=== ACTION ITEM ===
Beginning with the line containing "実際に、「日本リーダー育成推" and ending with the line containing "但一層住户又會説:我也願意出", write out each line of the records below exactly; pictures and lines outside that range are left out.

=== EXERCISE MATERIAL ===
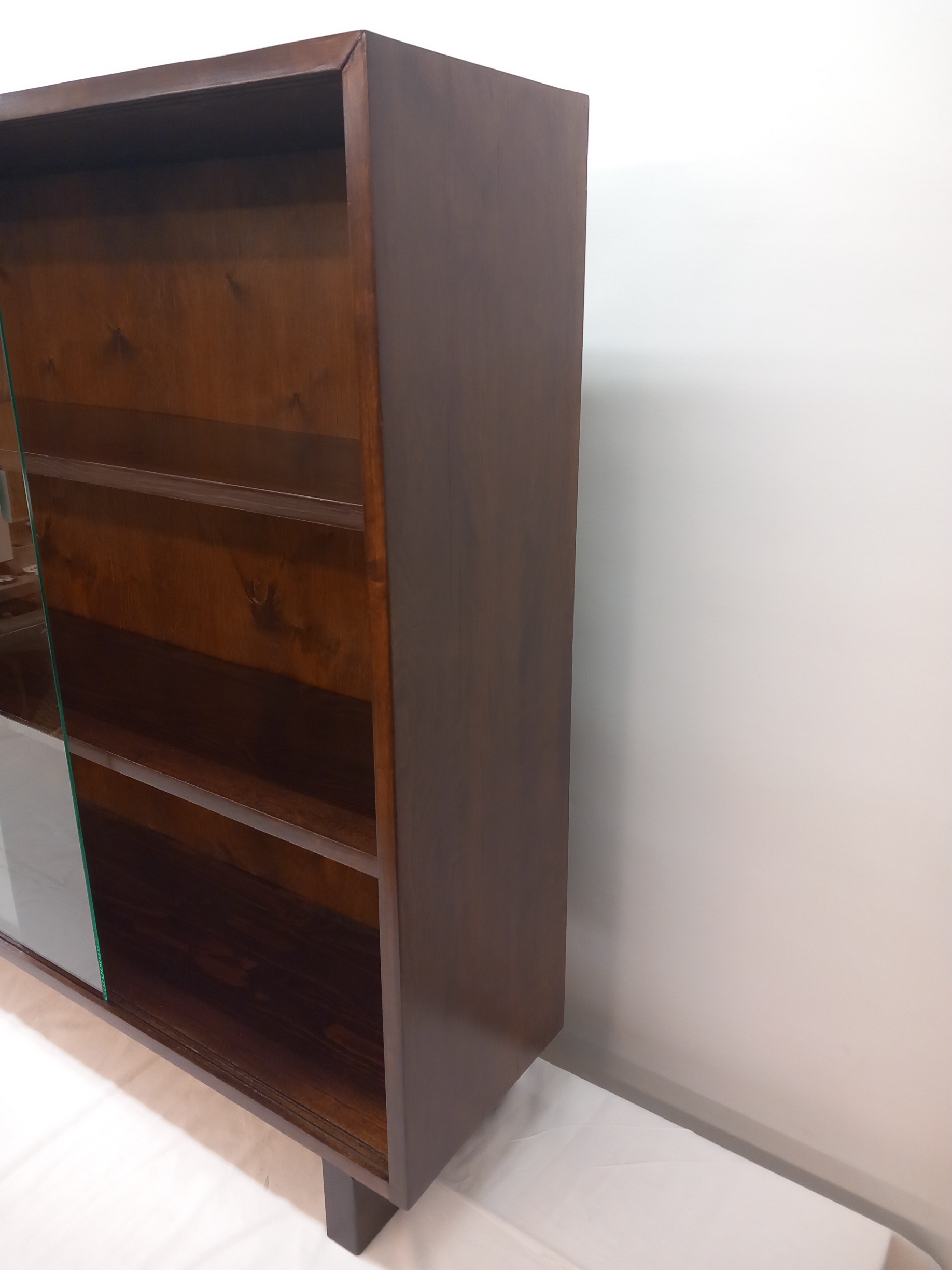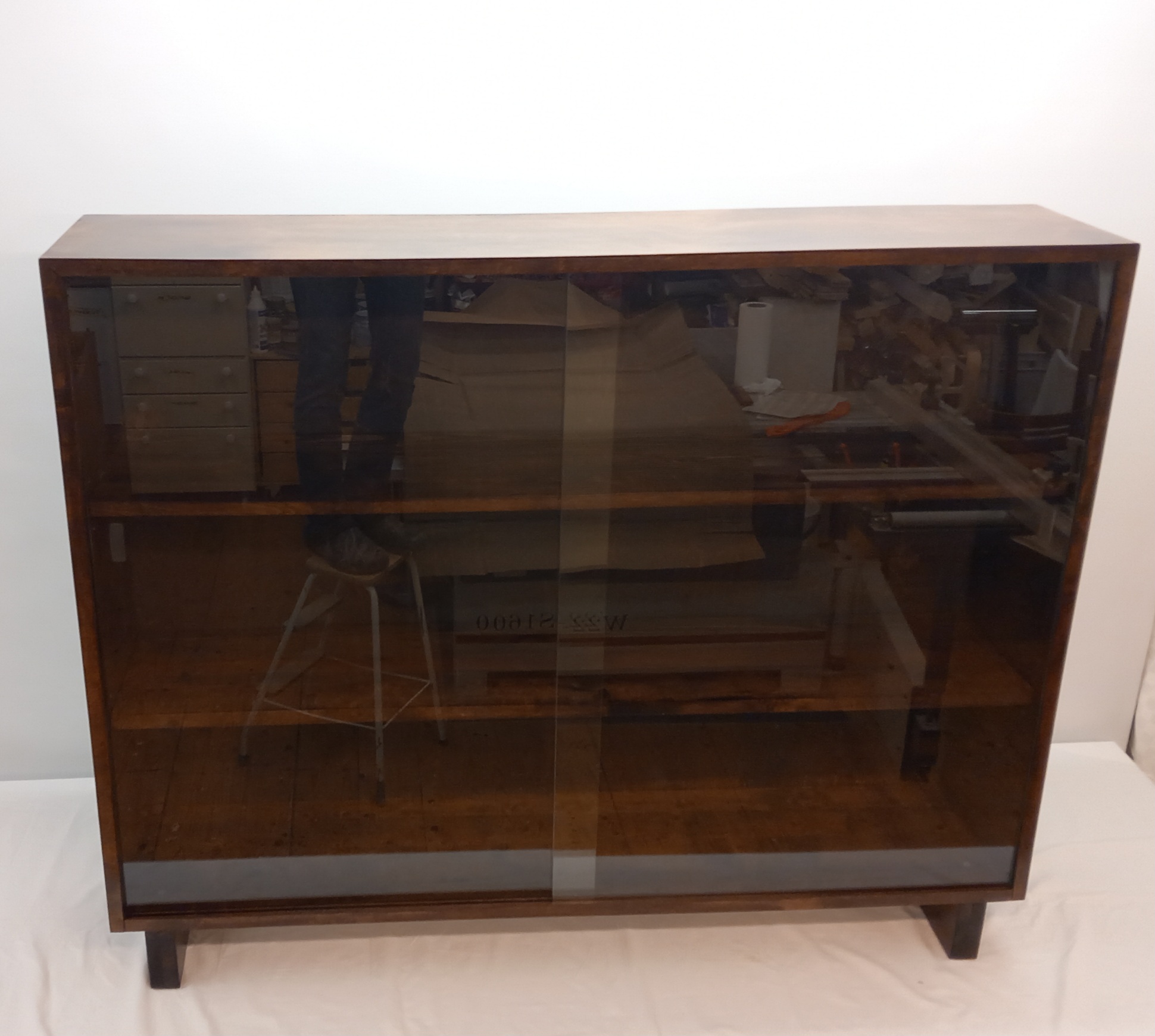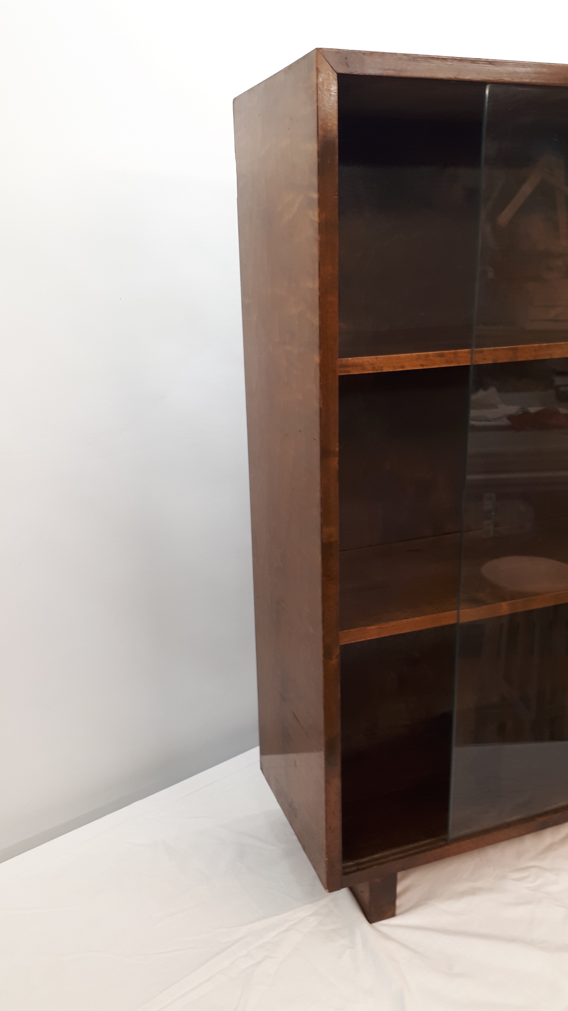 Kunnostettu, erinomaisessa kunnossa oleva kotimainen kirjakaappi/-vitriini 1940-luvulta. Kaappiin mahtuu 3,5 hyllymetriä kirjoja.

---

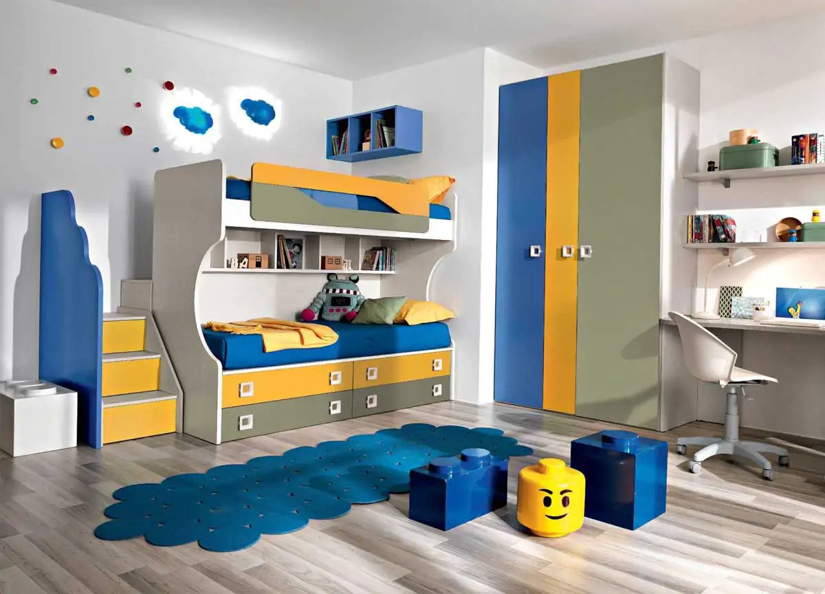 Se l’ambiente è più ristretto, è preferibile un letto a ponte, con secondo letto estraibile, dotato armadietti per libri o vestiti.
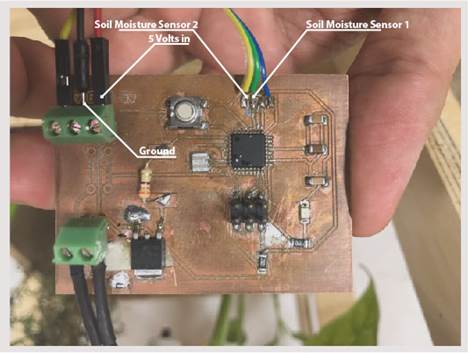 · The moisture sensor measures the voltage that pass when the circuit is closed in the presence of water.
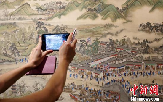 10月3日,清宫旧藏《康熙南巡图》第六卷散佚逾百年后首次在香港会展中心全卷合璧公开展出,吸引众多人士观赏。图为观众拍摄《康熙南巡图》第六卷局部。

...

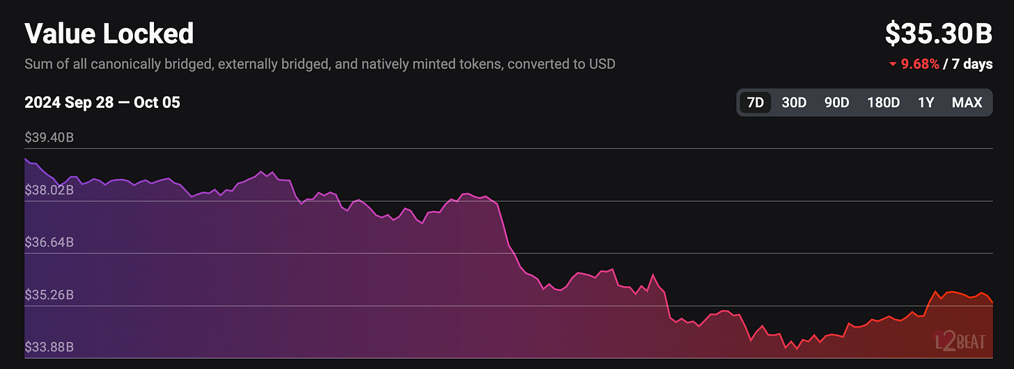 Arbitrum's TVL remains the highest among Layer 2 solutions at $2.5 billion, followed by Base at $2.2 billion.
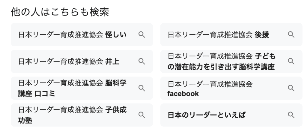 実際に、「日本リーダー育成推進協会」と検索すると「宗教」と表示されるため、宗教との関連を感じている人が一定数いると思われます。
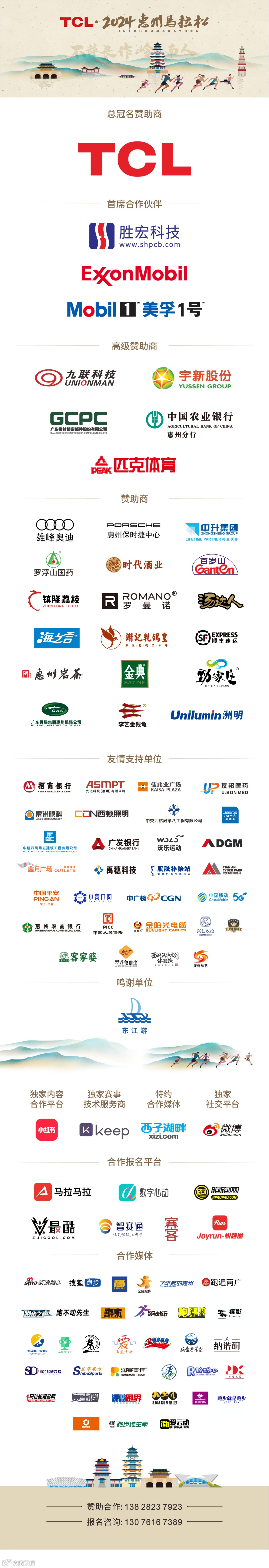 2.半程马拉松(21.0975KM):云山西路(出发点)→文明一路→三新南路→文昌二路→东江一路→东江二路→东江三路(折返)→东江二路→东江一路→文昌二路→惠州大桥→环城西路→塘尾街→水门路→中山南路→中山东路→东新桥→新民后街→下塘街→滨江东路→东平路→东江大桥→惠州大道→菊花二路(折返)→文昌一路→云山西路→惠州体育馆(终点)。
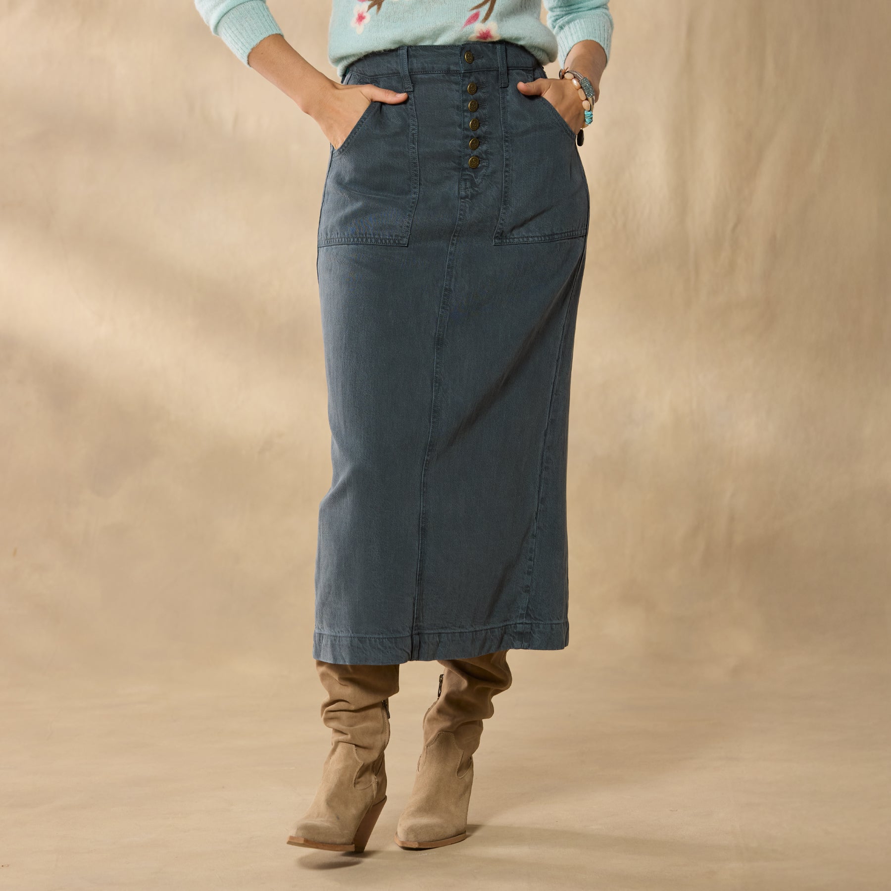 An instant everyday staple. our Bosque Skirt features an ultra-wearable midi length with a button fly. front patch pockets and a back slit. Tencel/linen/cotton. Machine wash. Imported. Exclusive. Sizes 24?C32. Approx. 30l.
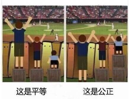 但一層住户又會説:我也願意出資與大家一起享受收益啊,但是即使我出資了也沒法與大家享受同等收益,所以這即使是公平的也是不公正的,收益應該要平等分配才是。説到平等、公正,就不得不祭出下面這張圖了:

=== ANSWER SPACE ===
 実際に、「日本リーダー育成推進協会」と検索すると「宗教」と表示されるため、宗教との関連を感じている人が一定数いると思われます。
 2.半程马拉松(21.0975KM):云山西路(出发点)→文明一路→三新南路→文昌二路→东江一路→东江二路→东江三路(折返)→东江二路→东江一路→文昌二路→惠州大桥→环城西路→塘尾街→水门路→中山南路→中山东路→东新桥→新民后街→下塘街→滨江东路→东平路→东江大桥→惠州大道→菊花二路(折返)→文昌一路→云山西路→惠州体育馆(终点)。
 An instant everyday staple. our Bosque Skirt features an ultra-wearable midi length with a button fly. front patch pockets and a back slit. Tencel/linen/cotton. Machine wash. Imported. Exclusive. Sizes 24?C32. Approx. 30l.
 但一層住户又會説:我也願意出資與大家一起享受收益啊,但是即使我出資了也沒法與大家享受同等收益,所以這即使是公平的也是不公正的,收益應該要平等分配才是。説到平等、公正,就不得不祭出下面這張圖了:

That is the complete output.